**WORK TASK:** Return every record below exactly as given, images excluded.

● ● ● ●

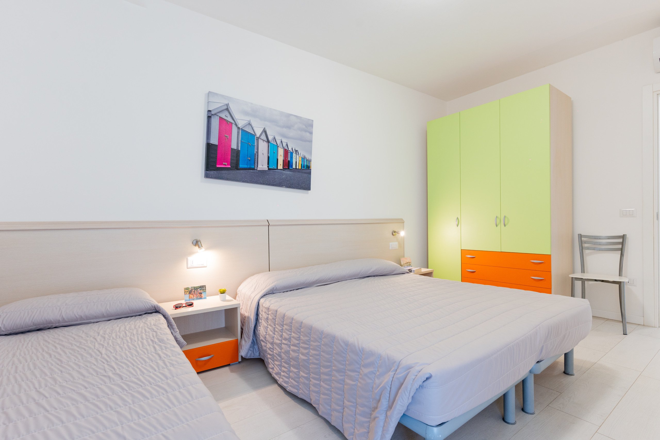 • a spacious bedroom with double bed and single bed;
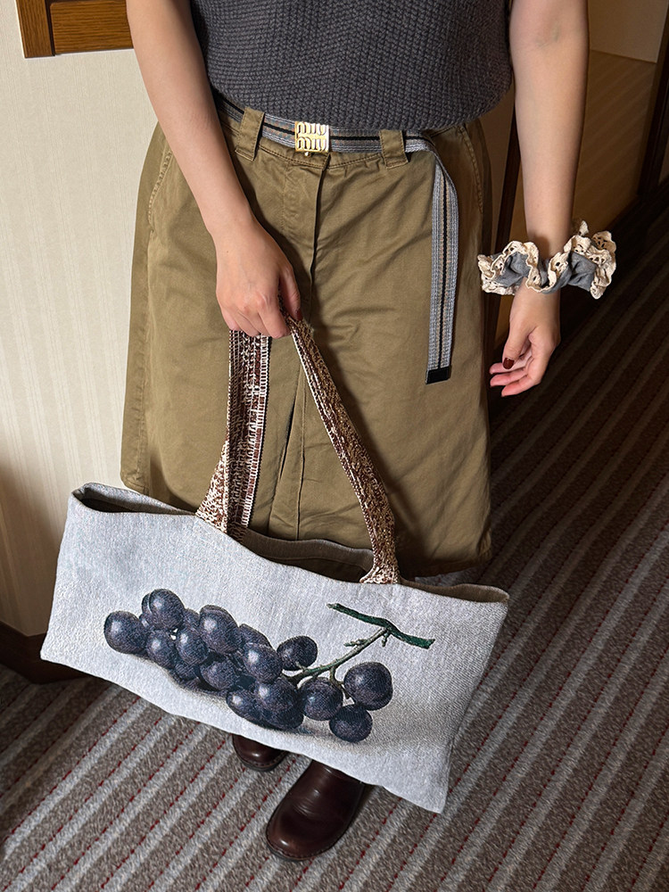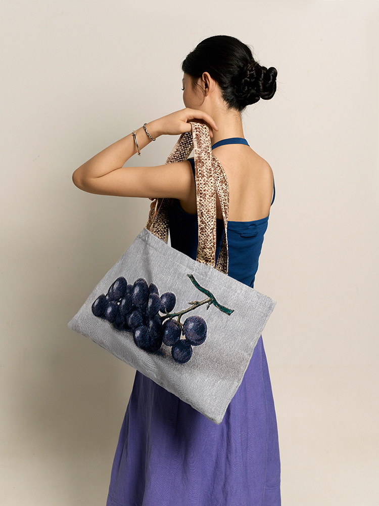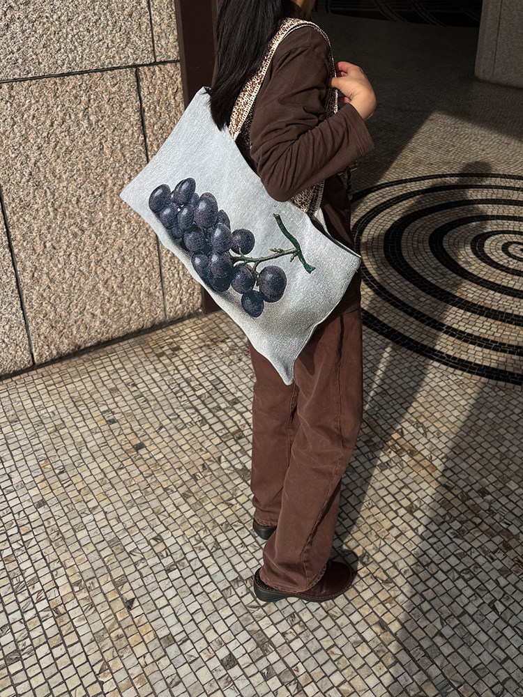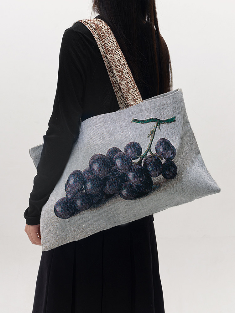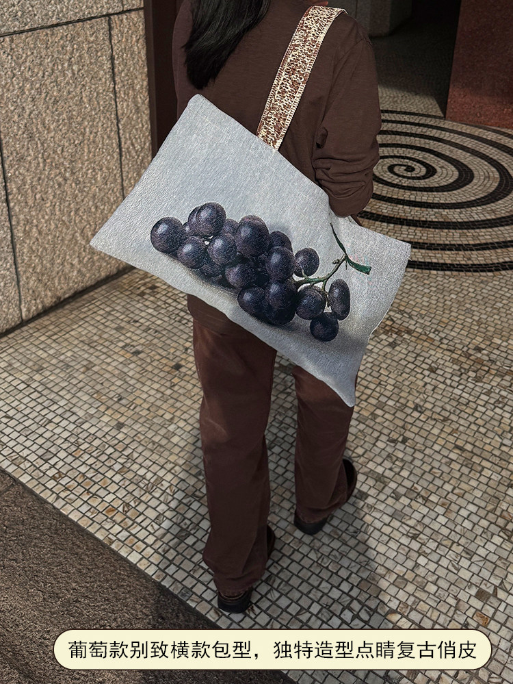 Niche Design Pear Grape Oil Painting Bag Hand-Painted Bag Yarn-Dyed Retro Large-Capacity High-End Shoulder Bag
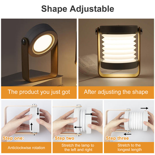 Portable Retractable LED Lantern Lamp, Touch Control Dimmable Night Light, USB Rechargeable, Eye Caring Foldable Desk Reading Lights, Decorative Table Bedside Lamp, White
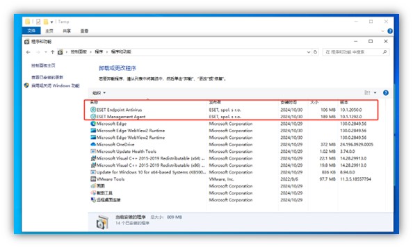 去Deepfreeze冰点还原企业版客户端看了下安装包已到临时目录并且控制面板查看已成功安装
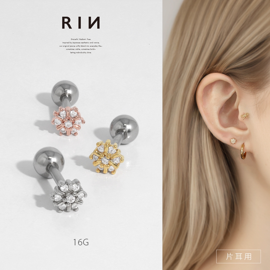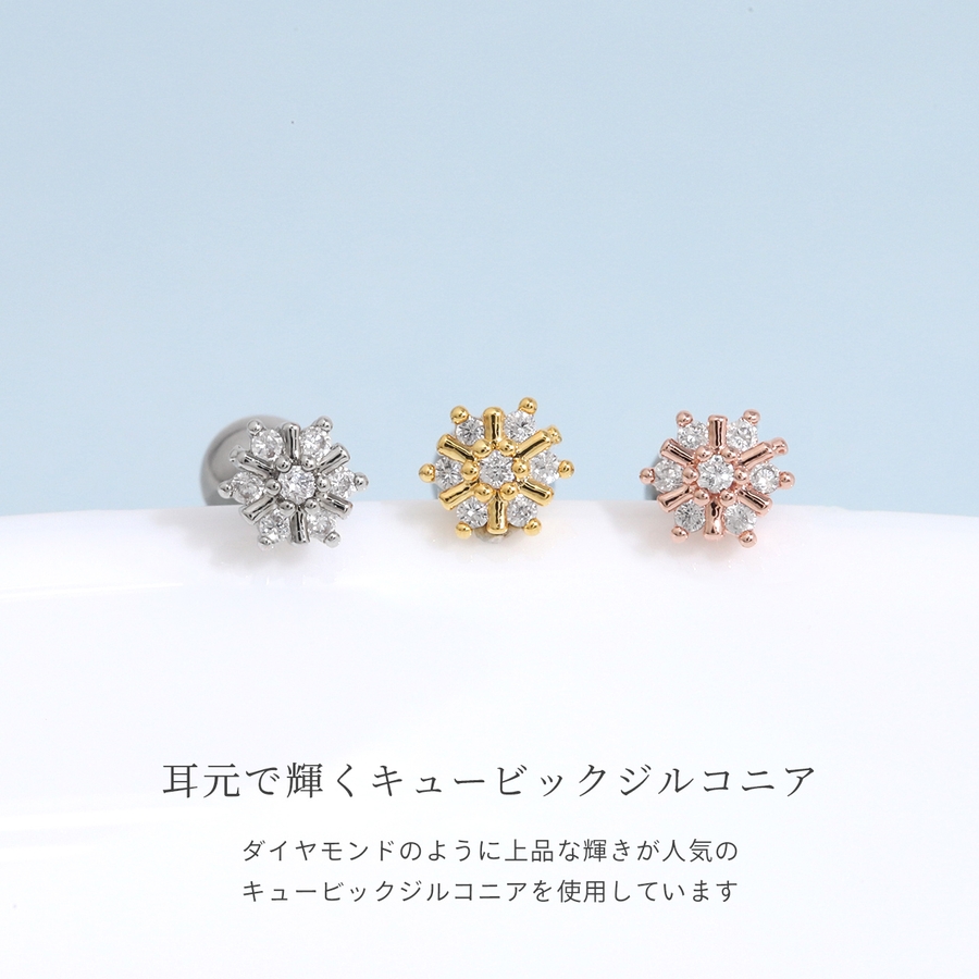 軟骨ピアス ジュエル雪の結晶雪小さめプチミニキュービックジルコニア ボディピアス

● ● ● ●

**ANSWER TO THE EXERCISE:**
 • a spacious bedroom with double bed and single bed;
 Niche Design Pear Grape Oil Painting Bag Hand-Painted Bag Yarn-Dyed Retro Large-Capacity High-End Shoulder Bag
 Portable Retractable LED Lantern Lamp, Touch Control Dimmable Night Light, USB Rechargeable, Eye Caring Foldable Desk Reading Lights, Decorative Table Bedside Lamp, White
 去Deepfreeze冰点还原企业版客户端看了下安装包已到临时目录并且控制面板查看已成功安装
 軟骨ピアス ジュエル雪の結晶雪小さめプチミニキュービックジルコニア ボディピアス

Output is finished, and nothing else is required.